■ Your assignment
Using the listing below, copy exactly each line from the one that has "뮬란은 다소 동양적인" through the one that has "Продаются прикормочные корабли"; omit the pictures.

■ Data extract
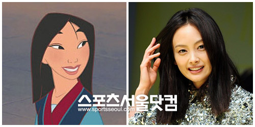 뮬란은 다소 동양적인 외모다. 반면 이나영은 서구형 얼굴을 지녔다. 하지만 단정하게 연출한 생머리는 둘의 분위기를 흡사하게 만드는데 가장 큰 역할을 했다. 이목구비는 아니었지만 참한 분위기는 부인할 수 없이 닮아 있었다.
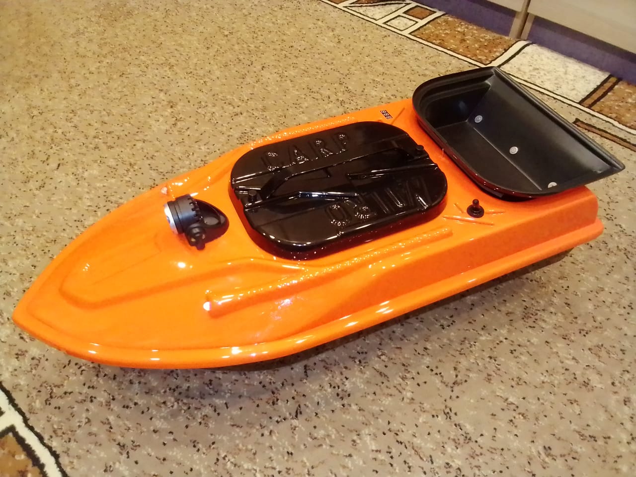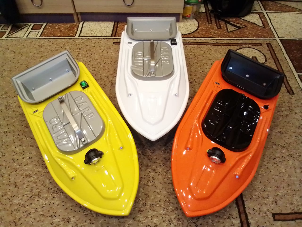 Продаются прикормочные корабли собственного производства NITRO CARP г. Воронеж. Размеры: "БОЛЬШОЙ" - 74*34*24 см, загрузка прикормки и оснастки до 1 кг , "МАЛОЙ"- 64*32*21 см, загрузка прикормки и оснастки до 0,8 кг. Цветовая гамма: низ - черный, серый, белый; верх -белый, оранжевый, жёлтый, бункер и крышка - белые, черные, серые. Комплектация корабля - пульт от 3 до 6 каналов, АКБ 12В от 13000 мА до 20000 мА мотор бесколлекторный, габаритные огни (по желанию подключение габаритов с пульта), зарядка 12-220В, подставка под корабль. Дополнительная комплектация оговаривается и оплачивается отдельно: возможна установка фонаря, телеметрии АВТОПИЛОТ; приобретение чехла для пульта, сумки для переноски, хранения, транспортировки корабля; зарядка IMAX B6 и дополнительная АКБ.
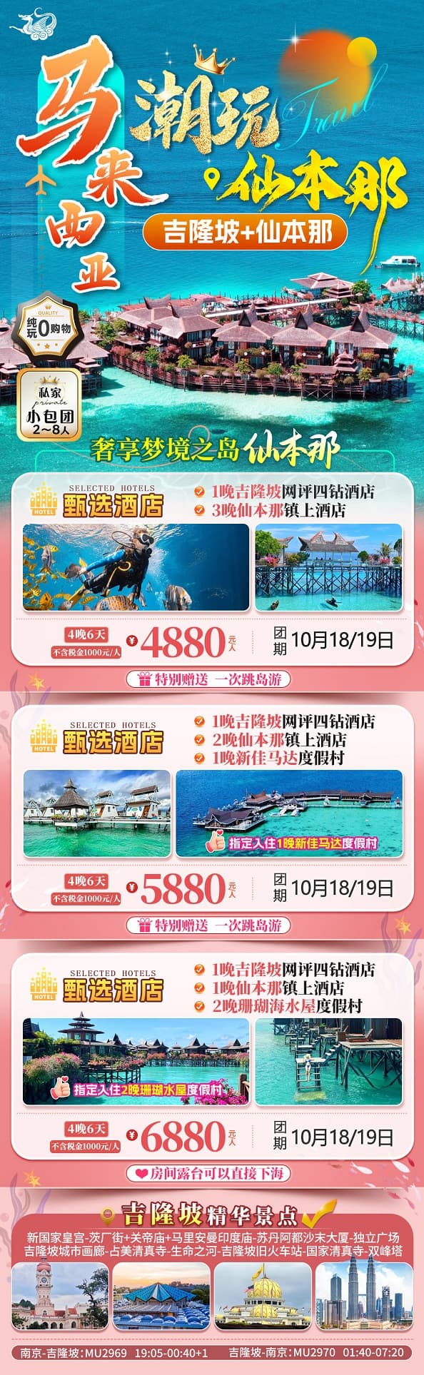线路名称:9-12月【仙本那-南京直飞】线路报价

==

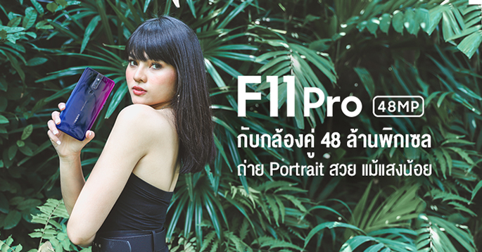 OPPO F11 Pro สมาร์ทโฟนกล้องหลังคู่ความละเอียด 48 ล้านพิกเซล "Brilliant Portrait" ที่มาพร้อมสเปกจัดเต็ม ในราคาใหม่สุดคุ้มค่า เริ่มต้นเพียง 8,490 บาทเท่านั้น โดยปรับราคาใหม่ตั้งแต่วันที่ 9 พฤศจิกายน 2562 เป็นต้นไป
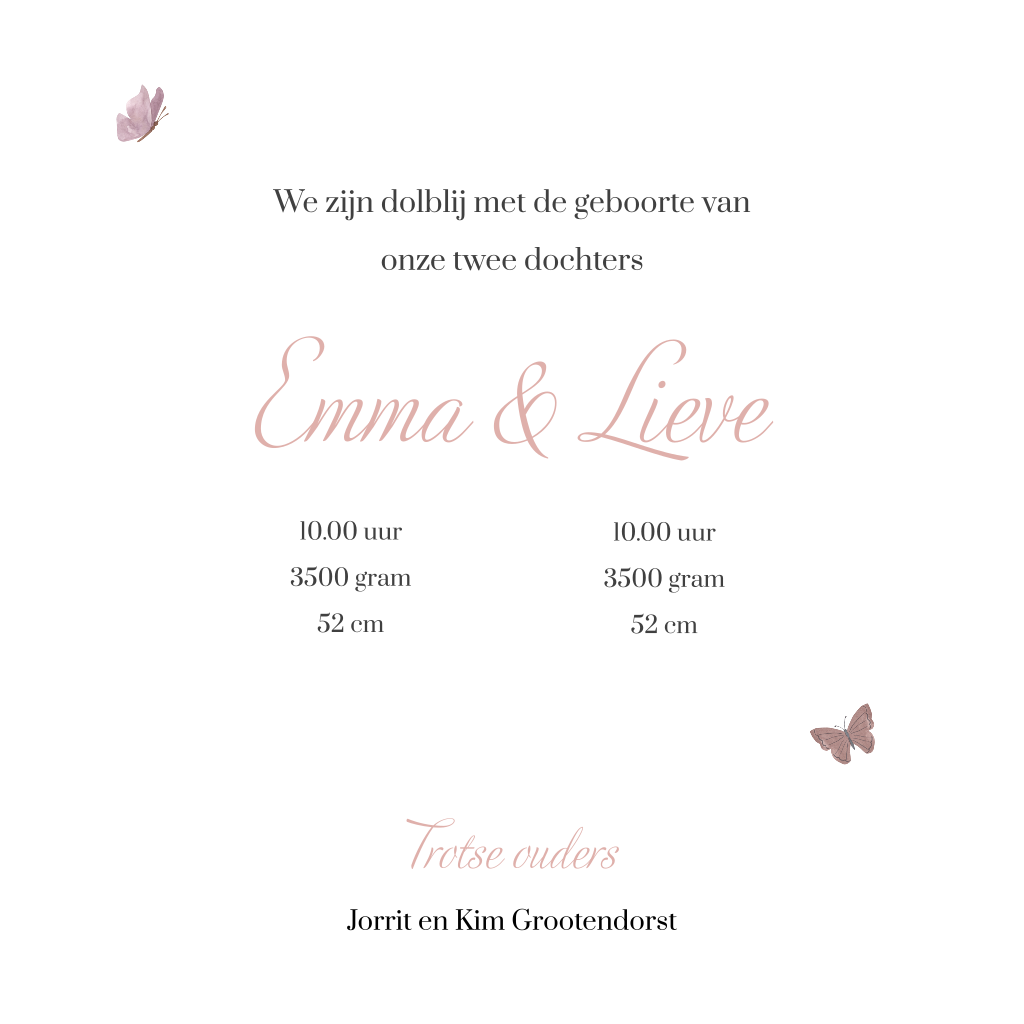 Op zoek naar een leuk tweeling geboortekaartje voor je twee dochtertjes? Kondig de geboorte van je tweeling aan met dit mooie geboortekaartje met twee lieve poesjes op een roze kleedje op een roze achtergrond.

---

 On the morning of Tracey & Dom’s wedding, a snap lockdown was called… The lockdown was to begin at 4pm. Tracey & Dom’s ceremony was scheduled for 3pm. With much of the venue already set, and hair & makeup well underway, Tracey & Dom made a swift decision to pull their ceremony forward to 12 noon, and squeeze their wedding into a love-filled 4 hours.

■ Task answer
 뮬란은 다소 동양적인 외모다. 반면 이나영은 서구형 얼굴을 지녔다. 하지만 단정하게 연출한 생머리는 둘의 분위기를 흡사하게 만드는데 가장 큰 역할을 했다. 이목구비는 아니었지만 참한 분위기는 부인할 수 없이 닮아 있었다.
 Продаются прикормочные корабли собственного производства NITRO CARP г. Воронеж. Размеры: "БОЛЬШОЙ" - 74*34*24 см, загрузка прикормки и оснастки до 1 кг , "МАЛОЙ"- 64*32*21 см, загрузка прикормки и оснастки до 0,8 кг. Цветовая гамма: низ - черный, серый, белый; верх -белый, оранжевый, жёлтый, бункер и крышка - белые, черные, серые. Комплектация корабля - пульт от 3 до 6 каналов, АКБ 12В от 13000 мА до 20000 мА мотор бесколлекторный, габаритные огни (по желанию подключение габаритов с пульта), зарядка 12-220В, подставка под корабль. Дополнительная комплектация оговаривается и оплачивается отдельно: возможна установка фонаря, телеметрии АВТОПИЛОТ; приобретение чехла для пульта, сумки для переноски, хранения, транспортировки корабля; зарядка IMAX B6 и дополнительная АКБ.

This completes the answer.